Memory 230 can take any suitable form, including a non-volatile memory and/or RAM. The memory 230 may include various memories such as, for example L1, L2, or L3 cache or system memory. As such, the memory 230 may include static random access memory (SRAM), dynamic RAM (DRAM), flash memory, read only memory (ROM), or other similar memory devices. The memory can store, among other things, an operating system. The RAM is used by the processor for the temporary storage of data. According to an embodiment, an operating system may contain code which, when executed by the processor, controls operation of one or more components of system 200. It will be apparent that, in embodiments where the processor implements one or more of the functions described herein in hardware, the software described as corresponding to such functionality in other embodiments may be omitted.
User interface 240 may include one or more devices for enabling communication with a user. The user interface can be any device or system that allows information to be conveyed and/or received, and may include a display, a mouse, and/or a keyboard for receiving user commands. In some embodiments, user interface 240 may include a command line interface or graphical user interface that may be presented to a remote terminal via communication interface 250. The user interface may be located with one or more other components of the system, or may located remote from the system and in communication via a wired and/or wireless communications network.
Communication interface 250 may include one or more devices for enabling communication with other hardware devices. For example, communication interface 250 may include a network interface card (NIC) configured to communicate according to the Ethernet protocol. Additionally, communication interface 250 may implement a TCP/IP stack for communication according to the TCP/IP protocols. Various alternative or additional hardware or configurations for communication interface 250 will be apparent.
Storage 260 may include one or more machine-readable storage media such as read-only memory (ROM), random-access memory (RAM), magnetic disk storage media, optical storage media, flash-memory devices, or similar storage media. In various embodiments, storage 260 may store instructions for execution by processor 220 or data upon which processor 220 may operate.

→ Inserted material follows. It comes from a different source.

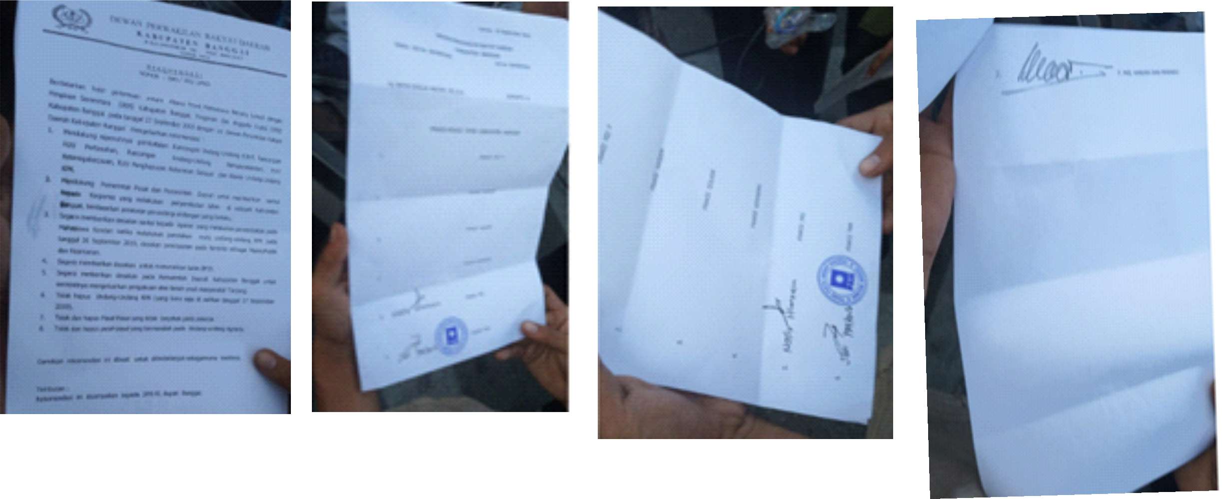 Akhirnya pada pukul 18.09 WITA, Anggota Fraksi DPRD Banggai menyepakati tuntutan front mahasiswa banggai bersatu melalui Surat Rekomendasi No : 890/305/DPRD.

For example, storage 260 may store an operating system 261 for controlling various operations of system 200.
It will be apparent that various information described as stored in storage 260 may be additionally or alternatively stored in memory 230. In this respect, memory 230 may also be considered to constitute a storage device and storage 260 may be considered a memory. Various other arrangements will be apparent. Further, memory 230 and storage 260 may both be considered to be non-transitory machine-readable media. As used herein, the term non-transitory will be understood to exclude transitory signals but to include all forms of storage, including both volatile and non-volatile memories.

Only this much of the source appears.